[Dataset records]

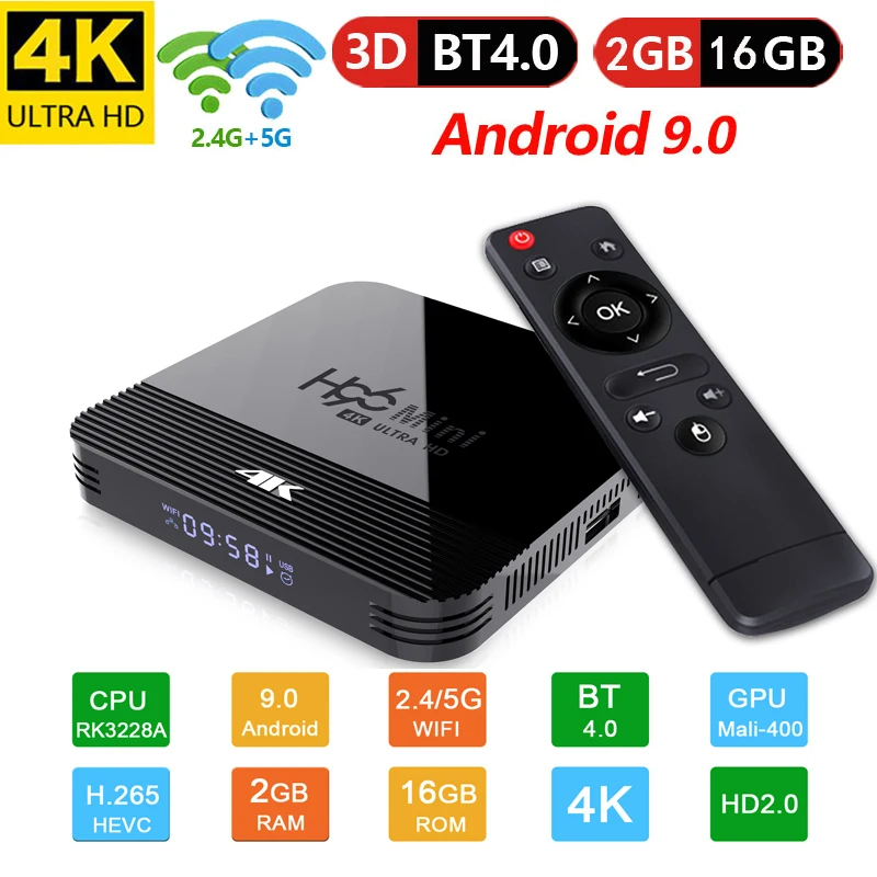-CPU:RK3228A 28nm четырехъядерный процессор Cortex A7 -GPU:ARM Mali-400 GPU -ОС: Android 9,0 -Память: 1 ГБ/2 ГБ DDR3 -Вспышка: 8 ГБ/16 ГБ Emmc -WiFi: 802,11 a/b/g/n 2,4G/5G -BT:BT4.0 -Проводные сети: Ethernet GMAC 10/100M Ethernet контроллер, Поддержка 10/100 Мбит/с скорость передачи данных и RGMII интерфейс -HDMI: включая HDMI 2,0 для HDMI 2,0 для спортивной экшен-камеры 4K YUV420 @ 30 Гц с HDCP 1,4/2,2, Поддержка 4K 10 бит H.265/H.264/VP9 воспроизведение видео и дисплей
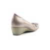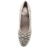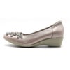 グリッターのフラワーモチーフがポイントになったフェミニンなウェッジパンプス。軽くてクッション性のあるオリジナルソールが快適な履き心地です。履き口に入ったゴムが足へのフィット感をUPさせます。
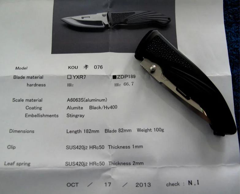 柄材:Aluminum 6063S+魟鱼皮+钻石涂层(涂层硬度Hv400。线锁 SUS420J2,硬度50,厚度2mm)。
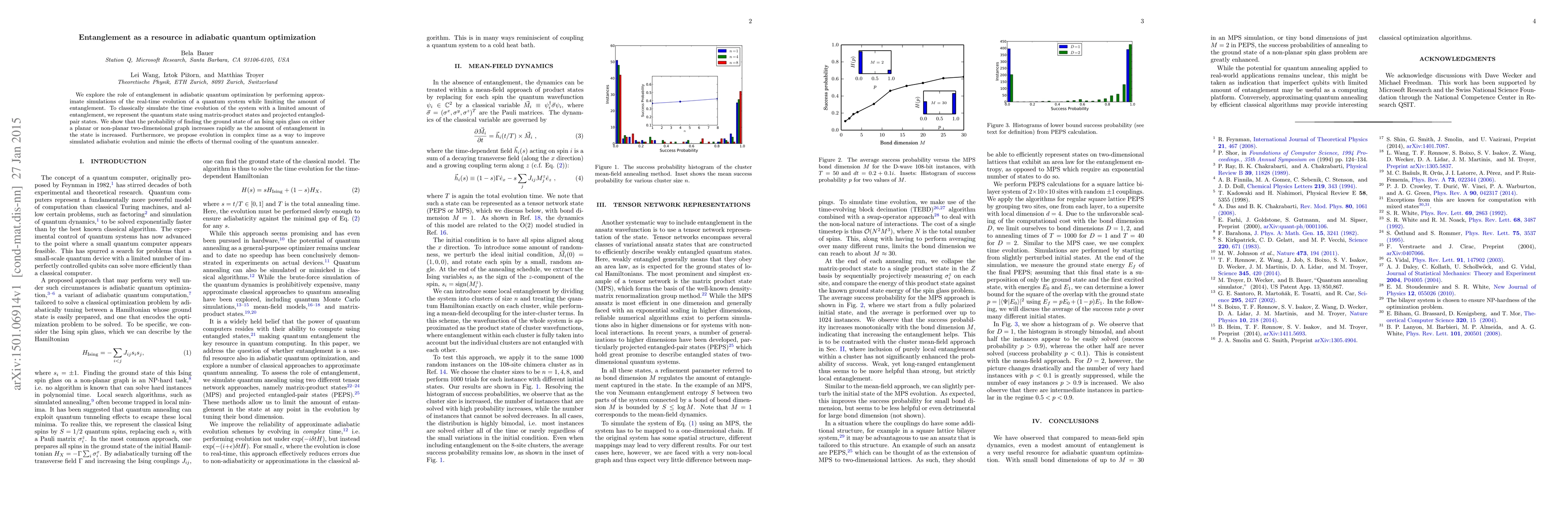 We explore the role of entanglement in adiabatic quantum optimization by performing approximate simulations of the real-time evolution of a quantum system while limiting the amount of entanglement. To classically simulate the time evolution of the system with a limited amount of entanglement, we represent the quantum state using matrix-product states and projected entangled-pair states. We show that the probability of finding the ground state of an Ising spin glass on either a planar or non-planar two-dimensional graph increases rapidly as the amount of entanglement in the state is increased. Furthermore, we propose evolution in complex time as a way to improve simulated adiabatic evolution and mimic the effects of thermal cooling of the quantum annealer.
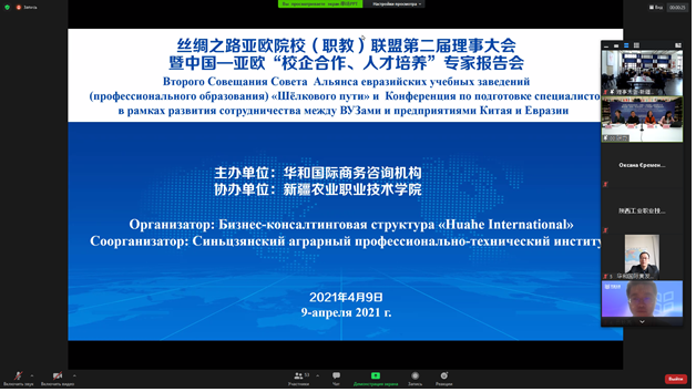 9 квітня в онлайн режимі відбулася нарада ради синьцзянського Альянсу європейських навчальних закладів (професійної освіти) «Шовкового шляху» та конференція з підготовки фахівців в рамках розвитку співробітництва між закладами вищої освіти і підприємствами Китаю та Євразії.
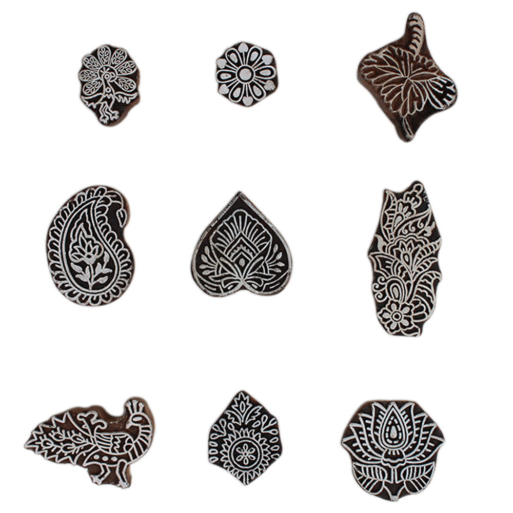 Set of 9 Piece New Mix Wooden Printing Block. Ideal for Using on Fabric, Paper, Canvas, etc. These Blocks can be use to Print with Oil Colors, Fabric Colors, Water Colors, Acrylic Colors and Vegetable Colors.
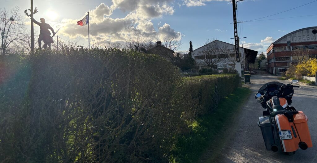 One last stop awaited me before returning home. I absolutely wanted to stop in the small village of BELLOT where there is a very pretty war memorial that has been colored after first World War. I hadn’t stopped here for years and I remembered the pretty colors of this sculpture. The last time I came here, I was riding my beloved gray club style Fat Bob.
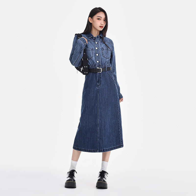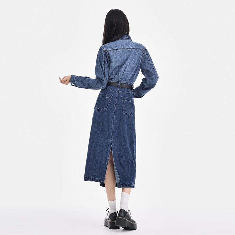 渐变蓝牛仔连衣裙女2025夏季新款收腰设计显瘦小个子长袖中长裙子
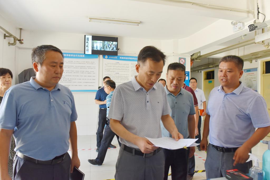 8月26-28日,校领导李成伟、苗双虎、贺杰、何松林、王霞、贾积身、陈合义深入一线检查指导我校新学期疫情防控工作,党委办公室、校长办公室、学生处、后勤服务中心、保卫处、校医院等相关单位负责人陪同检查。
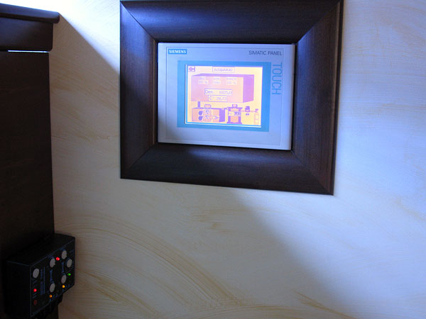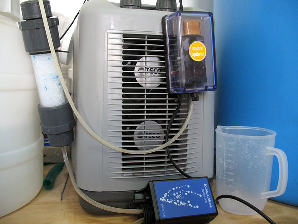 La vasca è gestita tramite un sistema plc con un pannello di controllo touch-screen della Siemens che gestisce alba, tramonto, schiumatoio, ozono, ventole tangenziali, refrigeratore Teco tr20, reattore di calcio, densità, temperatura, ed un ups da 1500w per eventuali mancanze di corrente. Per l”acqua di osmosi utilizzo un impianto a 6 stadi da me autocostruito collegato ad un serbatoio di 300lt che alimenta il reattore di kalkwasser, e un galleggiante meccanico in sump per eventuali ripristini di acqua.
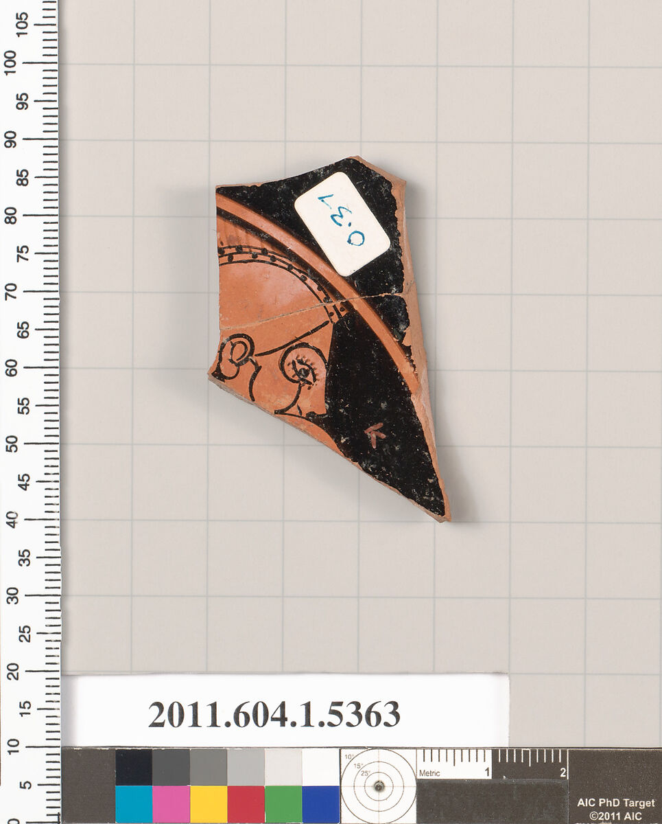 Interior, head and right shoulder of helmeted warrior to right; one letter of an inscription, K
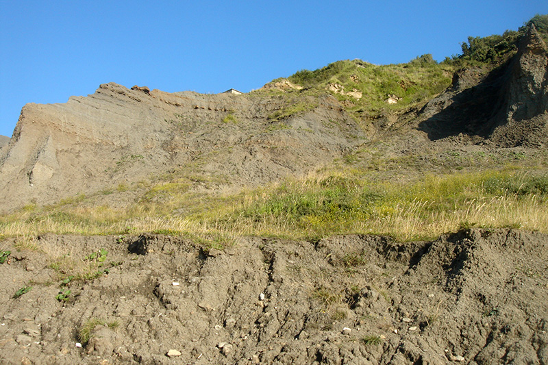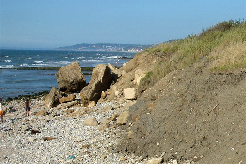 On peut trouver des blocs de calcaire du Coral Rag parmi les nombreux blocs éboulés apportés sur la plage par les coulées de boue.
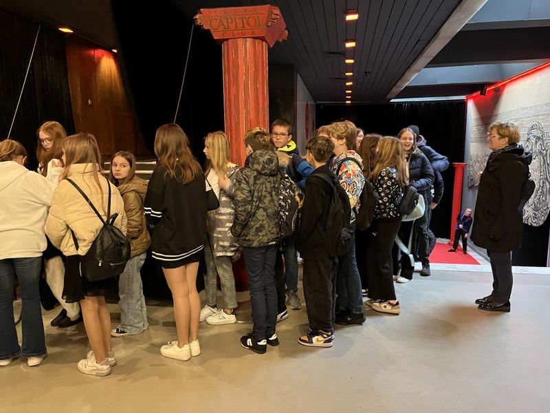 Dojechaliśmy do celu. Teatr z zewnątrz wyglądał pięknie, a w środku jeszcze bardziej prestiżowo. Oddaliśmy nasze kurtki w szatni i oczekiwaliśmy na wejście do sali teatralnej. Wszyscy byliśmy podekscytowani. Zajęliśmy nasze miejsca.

_Problem to work on_
Please write out all the entries above again exactly as they appear, skipping any images.

_Result for this task_
-CPU:RK3228A 28nm четырехъядерный процессор Cortex A7 -GPU:ARM Mali-400 GPU -ОС: Android 9,0 -Память: 1 ГБ/2 ГБ DDR3 -Вспышка: 8 ГБ/16 ГБ Emmc -WiFi: 802,11 a/b/g/n 2,4G/5G -BT:BT4.0 -Проводные сети: Ethernet GMAC 10/100M Ethernet контроллер, Поддержка 10/100 Мбит/с скорость передачи данных и RGMII интерфейс -HDMI: включая HDMI 2,0 для HDMI 2,0 для спортивной экшен-камеры 4K YUV420 @ 30 Гц с HDCP 1,4/2,2, Поддержка 4K 10 бит H.265/H.264/VP9 воспроизведение видео и дисплей
 グリッターのフラワーモチーフがポイントになったフェミニンなウェッジパンプス。軽くてクッション性のあるオリジナルソールが快適な履き心地です。履き口に入ったゴムが足へのフィット感をUPさせます。
 柄材:Aluminum 6063S+魟鱼皮+钻石涂层(涂层硬度Hv400。线锁 SUS420J2,硬度50,厚度2mm)。
 We explore the role of entanglement in adiabatic quantum optimization by performing approximate simulations of the real-time evolution of a quantum system while limiting the amount of entanglement. To classically simulate the time evolution of the system with a limited amount of entanglement, we represent the quantum state using matrix-product states and projected entangled-pair states. We show that the probability of finding the ground state of an Ising spin glass on either a planar or non-planar two-dimensional graph increases rapidly as the amount of entanglement in the state is increased. Furthermore, we propose evolution in complex time as a way to improve simulated adiabatic evolution and mimic the effects of thermal cooling of the quantum annealer.
 9 квітня в онлайн режимі відбулася нарада ради синьцзянського Альянсу європейських навчальних закладів (професійної освіти) «Шовкового шляху» та конференція з підготовки фахівців в рамках розвитку співробітництва між закладами вищої освіти і підприємствами Китаю та Євразії.
 Set of 9 Piece New Mix Wooden Printing Block. Ideal for Using on Fabric, Paper, Canvas, etc. These Blocks can be use to Print with Oil Colors, Fabric Colors, Water Colors, Acrylic Colors and Vegetable Colors.
 One last stop awaited me before returning home. I absolutely wanted to stop in the small village of BELLOT where there is a very pretty war memorial that has been colored after first World War. I hadn’t stopped here for years and I remembered the pretty colors of this sculpture. The last time I came here, I was riding my beloved gray club style Fat Bob.
 渐变蓝牛仔连衣裙女2025夏季新款收腰设计显瘦小个子长袖中长裙子
 8月26-28日,校领导李成伟、苗双虎、贺杰、何松林、王霞、贾积身、陈合义深入一线检查指导我校新学期疫情防控工作,党委办公室、校长办公室、学生处、后勤服务中心、保卫处、校医院等相关单位负责人陪同检查。
 La vasca è gestita tramite un sistema plc con un pannello di controllo touch-screen della Siemens che gestisce alba, tramonto, schiumatoio, ozono, ventole tangenziali, refrigeratore Teco tr20, reattore di calcio, densità, temperatura, ed un ups da 1500w per eventuali mancanze di corrente. Per l”acqua di osmosi utilizzo un impianto a 6 stadi da me autocostruito collegato ad un serbatoio di 300lt che alimenta il reattore di kalkwasser, e un galleggiante meccanico in sump per eventuali ripristini di acqua.
 Interior, head and right shoulder of helmeted warrior to right; one letter of an inscription, K
 On peut trouver des blocs de calcaire du Coral Rag parmi les nombreux blocs éboulés apportés sur la plage par les coulées de boue.
 Dojechaliśmy do celu. Teatr z zewnątrz wyglądał pięknie, a w środku jeszcze bardziej prestiżowo. Oddaliśmy nasze kurtki w szatni i oczekiwaliśmy na wejście do sali teatralnej. Wszyscy byliśmy podekscytowani. Zajęliśmy nasze miejsca.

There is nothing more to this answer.